Thread: out of memory for query result

out of memory for query result

From
Allen
Date:
I am trying to select a result set from a 2-table join, which should be
returning 5,045,358 rows. I receive this error:

     DBD::Pg::st execute failed: out of memory for query result

I am using Perl with DBI cursor (so i think) to retreive the data
(prepare, execute,  fetchrow_hashref, ..., finish). Perhaps either the
DBD or libpq or something is buffering the result and not passing
individual rows from the server (which runs on the same server as the
application).

I am using Postgres 7.4.7, under 4.11-RELEASE FreeBSD 4.11-RELEASE using
perl v5.8.6 and DBD-Pg-1.32_1.

Any suggestions on how to avoid this? Should i be using the API
differently with Perl?

Thanks,
Allen

Re: out of memory for query result

From
Martijn van Oosterhout
Date:
On Sat, Oct 22, 2005 at 03:46:18PM -0400, Allen wrote:
> I am trying to select a result set from a 2-table join, which should be
> returning 5,045,358 rows. I receive this error:
>
>     DBD::Pg::st execute failed: out of memory for query result

AFAIK, DBD:Pg never uses a cursor unless you ask it to. So you probably
want to code a loop like:

DECLARE CURSOR blah AS ...
while( FETCH 1000 )
{
  process rows...
}

If you don't use a cursor in the backend, then DBI will try to pull the
*entire* result and store it in memory, which is why you don't have
enough...

Hope this helps,
--
Martijn van Oosterhout   <kleptog@svana.org>   http://svana.org/kleptog/
> Patent. n. Genius is 5% inspiration and 95% perspiration. A patent is a
> tool for doing 5% of the work and then sitting around waiting for someone
> else to do the other 95% so you can sue them.

Attachment

Re: out of memory for query result

From
Allen Fair
Date:
 From my googling, it seems the Perl DBD driver for Postgres does *not*
support the cursor (see below). I hope someone can refute this!

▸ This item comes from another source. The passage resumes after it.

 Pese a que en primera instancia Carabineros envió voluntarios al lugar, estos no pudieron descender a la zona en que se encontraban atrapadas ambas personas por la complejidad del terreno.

I am otherwise looking for code to implement Postgres cursors in Perl. I
can not find the "DECLARE CURSOR" defined in the Perl DBI documentation
either. Thanks Martijn for your reply, it helped me dig deeper.

The following code does not work, but I'll keep trying! (I just added
the declare phrase.)
     $dbh = DBI->connect("DBI:Pg:dbname=$dbName;host=$host",
       $dbUser, $dbPassword,
       { RaiseError => 0, AutoCommit => 0, PrintError => 1 });
     $sth = $dbh->prepare("declare csr cursor for $sqlstatement");
     $sth->execute(@statement_parms) or die $DBI::errstr;
     while (my $hr = $sth->fetchrow_hashref) {
       # do something wonderful
     }
     $sth->finish();
DBD::Pg::st fetchrow_hashref failed: no statement executing

 From the DBD-Pg-1.32 module documentation on CPAN...
http://search.cpan.org/~rudy/DBD-Pg-1.32/Pg.pm#Cursors
"Although PostgreSQL has a cursor concept, it has *not* been used in the
current implementation. Cursors in PostgreSQL can only be used inside a
transaction block. Because only one transaction block at a time is
allowed, this would have implied the restriction, not to use any nested
SELECT statements. Hence the execute method fetches all data at once
into data structures located in the frontend application. This has to be
considered when selecting large amounts of data!"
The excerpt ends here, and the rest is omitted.